It all started at St Pancras station…

So I was having tea with a chum at St Pancras station in London and somehow the subject of ‘transitioning’ and trans-gender came up. I can’t remember why and I can’t remember if I am supposed to type or say transgender or trans-gender or transexual or trans-sexual.

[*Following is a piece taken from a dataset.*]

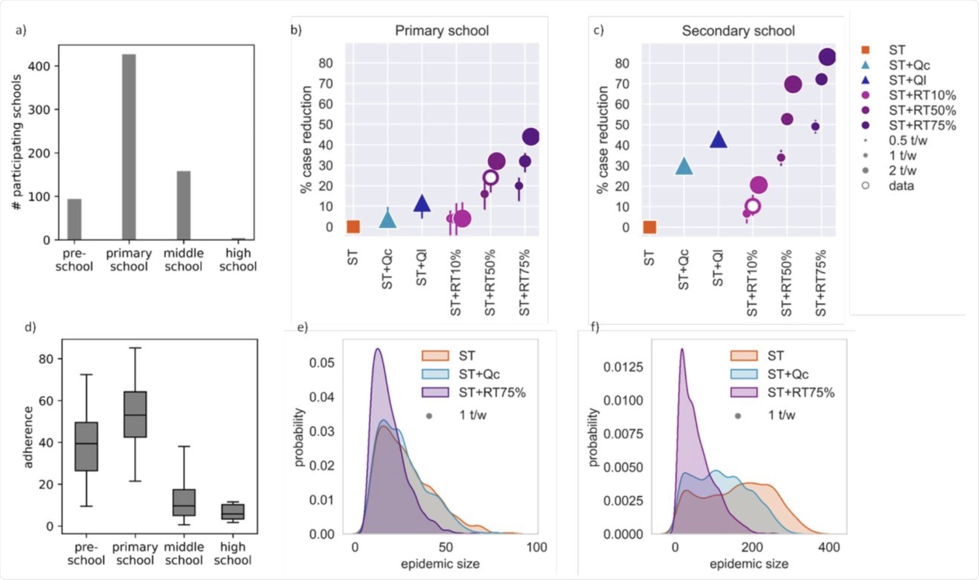 (a) Number of schools participating in the screening initiative during the third wave in France, according to school level (pre-school, primary school, middle school, and high school). (b) Predicted percentage of reduction in the number of cases achieved by each intervention protocol with respect to the basic strategy of the symptom-based testing (ST) in the primary school. Intervention protocols are: symptom-based testing and case isolation, with reactive quarantine of the class (ST+Qc); symptom-based testing and case isolation, with reactive quarantine of the class level (ST+Ql); symptom-based testing and case isolation, coupled with regular testing with a percentage of adherence (ST+RTα%), with α=10%, 50%, and 75%. For regular testing, different frequencies are shown: one test every two weeks, a weekly test, two tests per week. Error bars correspond to 95% confidence intervals. The empty marker corresponds to the adherence estimated from empirical data recorded in schools of that level (from panel d). (c) As in panel b, for the secondary school. (d) Estimated adherence to screening recorded in the different school levels participating to the screening initiative in the third wave in France. Error bars correspond to 95% confidence intervals. (e) Probability distribution of the simulated final epidemic size in the primary school for selected protocols at the end of the trimester. Regular testing is done with weekly frequency. (f) As in panel e, for the secondary school.

I think at least one or more ways of typing or saying the words is guaranteed to offend at least one or more people.

“Actually, I was transgender when I was a teenager,” my chum told me.

“Did you have your willie cut off?” I asked.

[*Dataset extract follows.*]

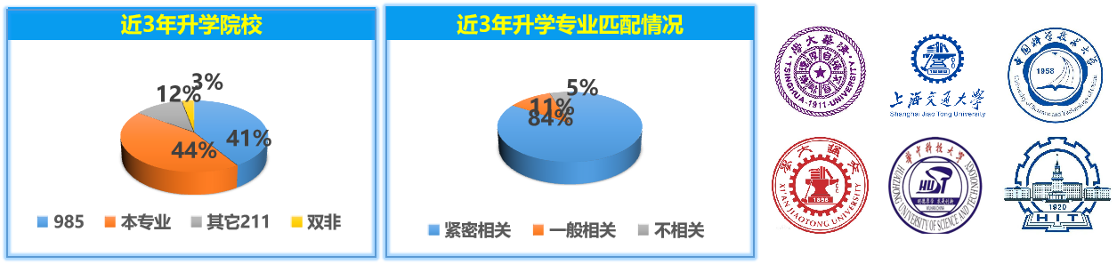 在升学攻读研究生方面,该专业具有推荐优秀应届本科毕业生免试攻读硕士学位研究生资格,年均推荐人数约占学生总数的10%;近3年,本科毕业生的升学高校中,985和211高校占比约97%,其中包含清华大学、上海交通大学、中国科学技术大学等知名高校。

“No,” she replied. “I never had one.”

“Well,” I said, “I don’t think there was any transing involved.”

“That’s very offensive,” she said.

“To you?” I asked.

“No, not to me,” she replied. “But to some people.”

“Trans-sexual I understand,” I said. “It involves adding bits on or taking bits off. And transvestite I understand. But trans-gender sounds like some Northern rail franchise.”

“That’s very offensive,” my chum said.

“Which?” I said. “Trans-sexual or transvestite or the Northern rail franchise?”

“All three,” she told me. “I hear Eddie Izzard no longer calls himself transvestite because some people find that offensive. Now he calls himself transgender.”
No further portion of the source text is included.